◆ Exercise directions
Copy every entry verbatim and skip the pictures.

START Input data

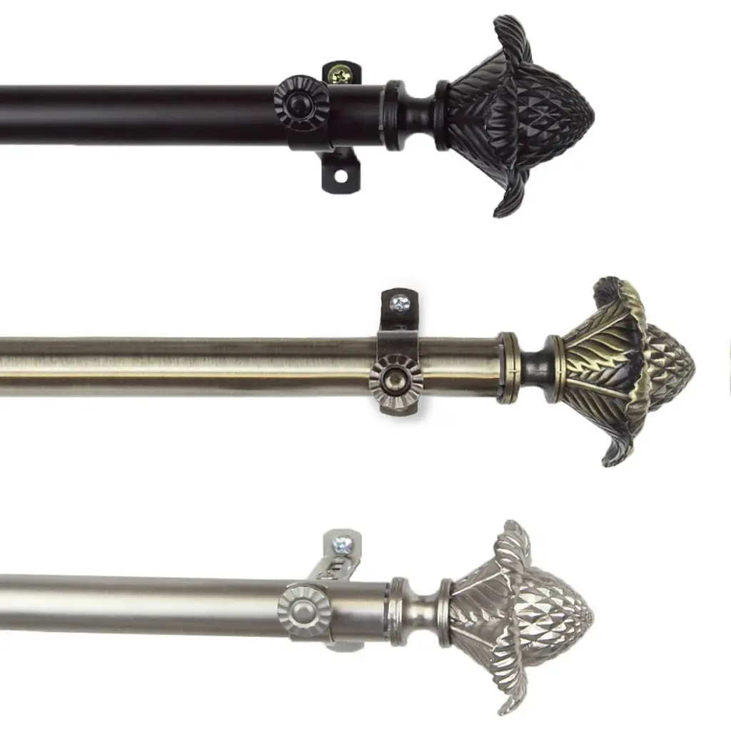 Introduce an elegant touch to your window treatment with this beautiful 13/16" diameter curtain rod set, made of high quality steel rods. Includes telescoping steel pole, mounting hardware, brackets, and 2 finials Projection: 2.875" Finial measurement: 2.625" W x 2.75" H x 2.75" D
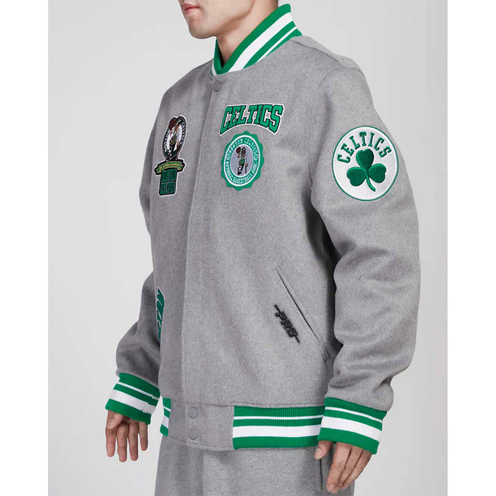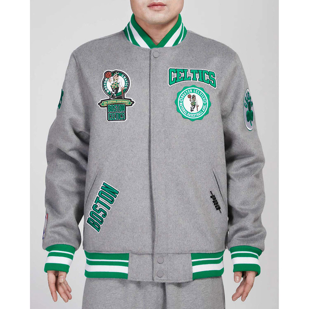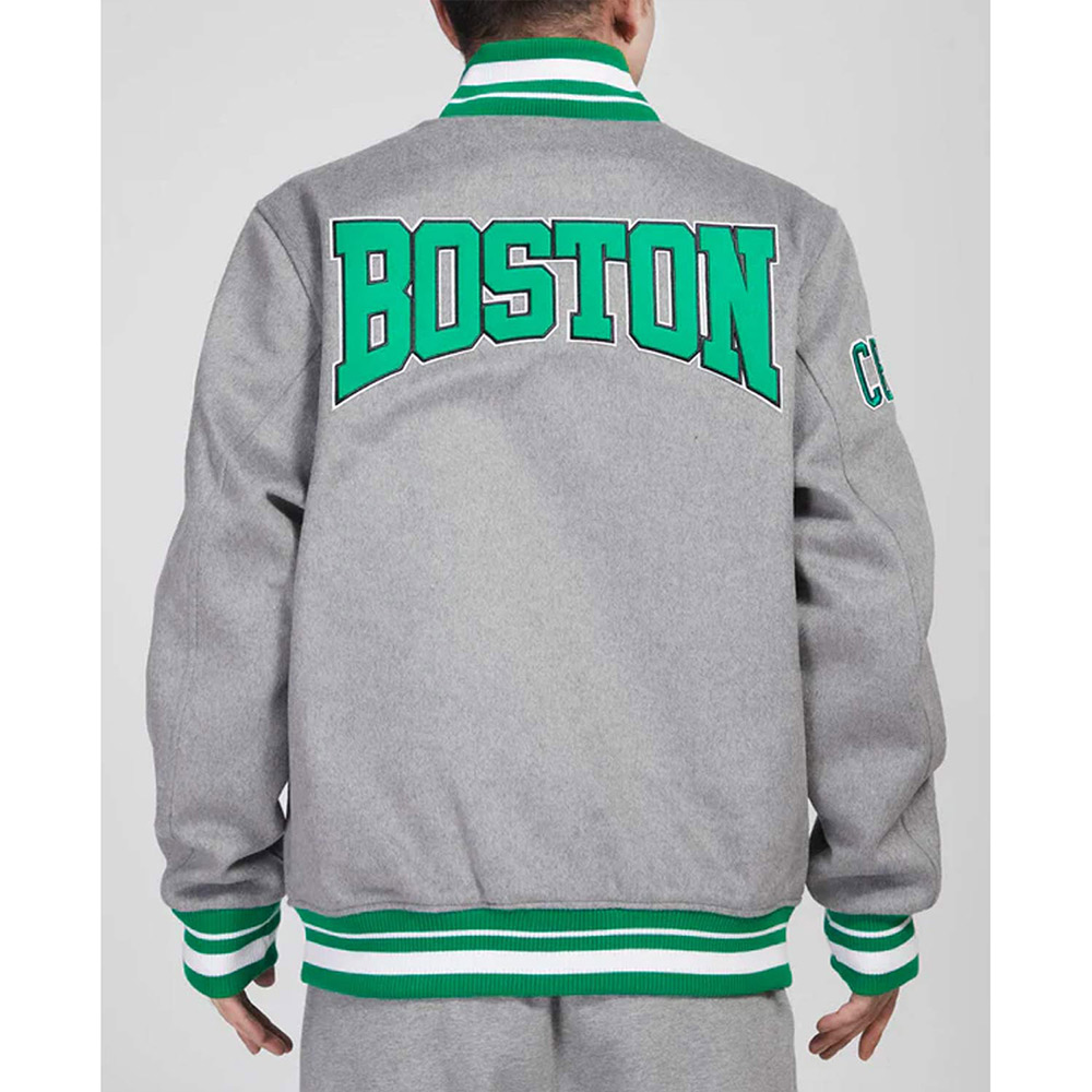 Boston Celtics Crest Emblem Heather Grey Varsity Wool Jacket
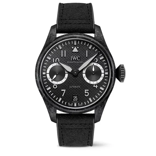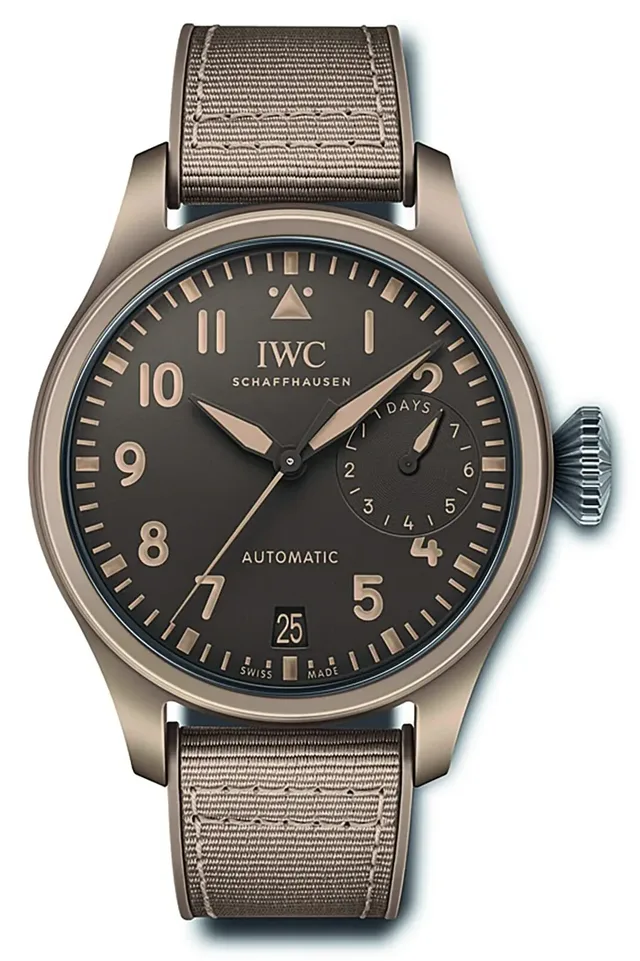 IWC versteht sich aber auch auf modernes Design: Bei den Top-Gun-Modellen sorgen ein mattschwarzes oder sandfarbenes (Mojave Desert) Keramikgehäuse und ein Band in Textiloptik für einen zeitgemäßen, militärischen Touch, und das unter Beibehaltung der anderen traditionellen Merkmale. Auch hier gibt es eine Big Pilot's Watch in der klassischen Größe von 46 Millimetern. Das Band sieht zwar aus wie Textil, besteht aber nun aus haltbarerem geprägtem Kalbsleder.
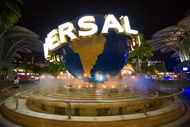 回酒店整装后就坐捷运到滨海站,来到了圣淘沙最热门的景点环球影城。环球影城的营业时间是上午10:00-晚上19:00,票价72新,淘宝或其他旅游网站基本250RMB内就可以搞定。或者像我们一样买一张开通狮城全景通卡,环球就是我开通使用的第一个景点,其实本来我们是准备先玩市区第二天在卡截止失效前再来环球的,因为环球是可以玩一天的景点,在这里开通这张24h内有效的卡显得不合算,但考虑到明天是周六,环球人肯定超级多,要花大把的时间在排队上,又觉得每人花30新币买优先通道卡太不值,想着第二天一早去动物园也是一样的。所以,在早上10点的时候就换了门票,换票点就在大门口左手边的游客中心,当时我还特地咨询了能不能换次日或其他时间的门票,得到的答案很坚定:不可以。除了门票外,每人附赠了5新币的代金券,这个在影城里任意一家餐厅都可无门槛使用。另外送的5新币购物代金券需要购满35新才可抵用。
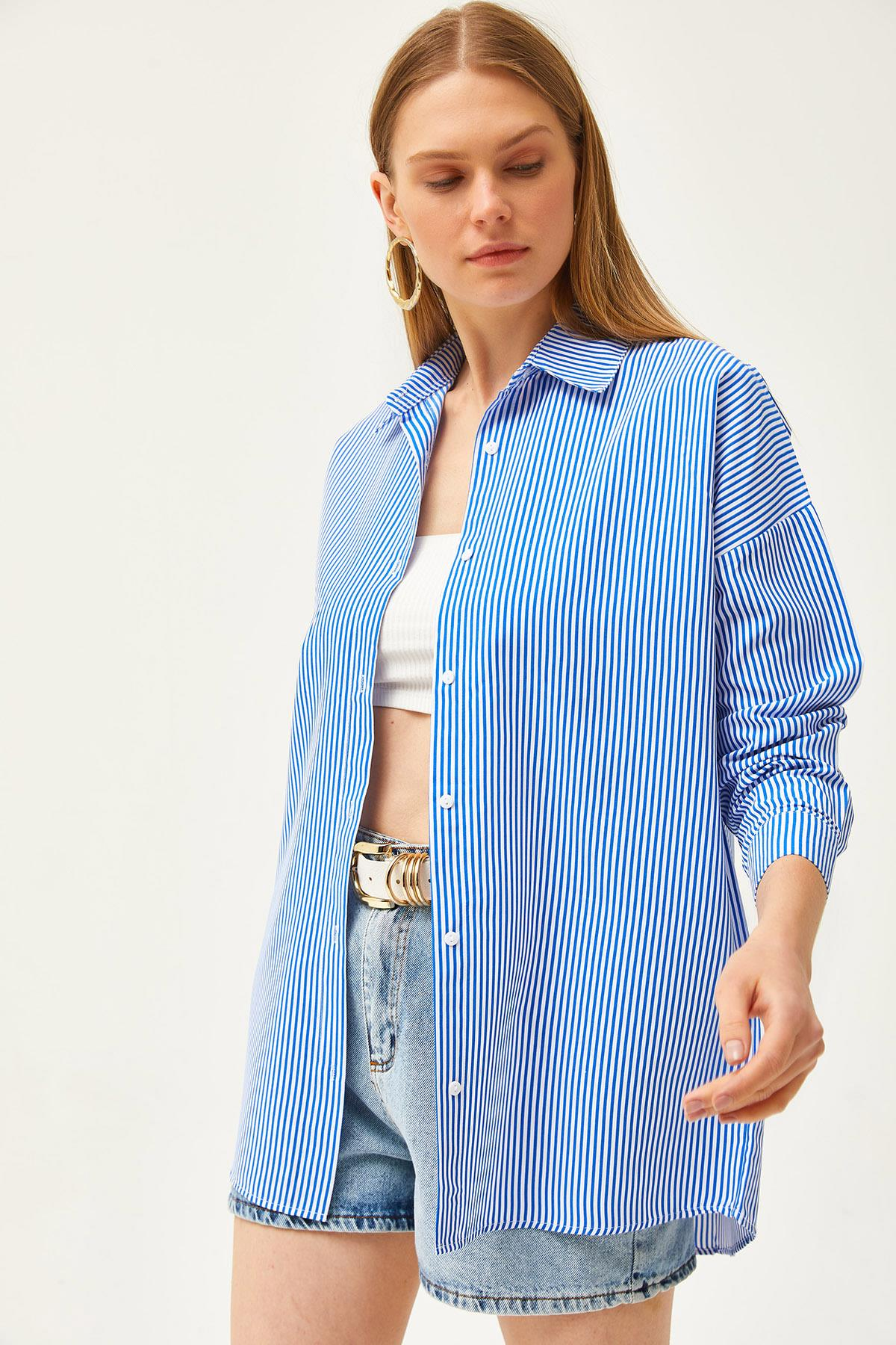 Çizgili Boyfriend Dokuma Gömlek Lacivert Çizgili Boyfriend Dokuma Gömlek Bebe Mavi

END Input data

◆ Answer area
 Introduce an elegant touch to your window treatment with this beautiful 13/16" diameter curtain rod set, made of high quality steel rods. Includes telescoping steel pole, mounting hardware, brackets, and 2 finials Projection: 2.875" Finial measurement: 2.625" W x 2.75" H x 2.75" D
 Boston Celtics Crest Emblem Heather Grey Varsity Wool Jacket
 IWC versteht sich aber auch auf modernes Design: Bei den Top-Gun-Modellen sorgen ein mattschwarzes oder sandfarbenes (Mojave Desert) Keramikgehäuse und ein Band in Textiloptik für einen zeitgemäßen, militärischen Touch, und das unter Beibehaltung der anderen traditionellen Merkmale. Auch hier gibt es eine Big Pilot's Watch in der klassischen Größe von 46 Millimetern. Das Band sieht zwar aus wie Textil, besteht aber nun aus haltbarerem geprägtem Kalbsleder.
 回酒店整装后就坐捷运到滨海站,来到了圣淘沙最热门的景点环球影城。环球影城的营业时间是上午10:00-晚上19:00,票价72新,淘宝或其他旅游网站基本250RMB内就可以搞定。或者像我们一样买一张开通狮城全景通卡,环球就是我开通使用的第一个景点,其实本来我们是准备先玩市区第二天在卡截止失效前再来环球的,因为环球是可以玩一天的景点,在这里开通这张24h内有效的卡显得不合算,但考虑到明天是周六,环球人肯定超级多,要花大把的时间在排队上,又觉得每人花30新币买优先通道卡太不值,想着第二天一早去动物园也是一样的。所以,在早上10点的时候就换了门票,换票点就在大门口左手边的游客中心,当时我还特地咨询了能不能换次日或其他时间的门票,得到的答案很坚定:不可以。除了门票外,每人附赠了5新币的代金券,这个在影城里任意一家餐厅都可无门槛使用。另外送的5新币购物代金券需要购满35新才可抵用。
 Çizgili Boyfriend Dokuma Gömlek Lacivert Çizgili Boyfriend Dokuma Gömlek Bebe Mavi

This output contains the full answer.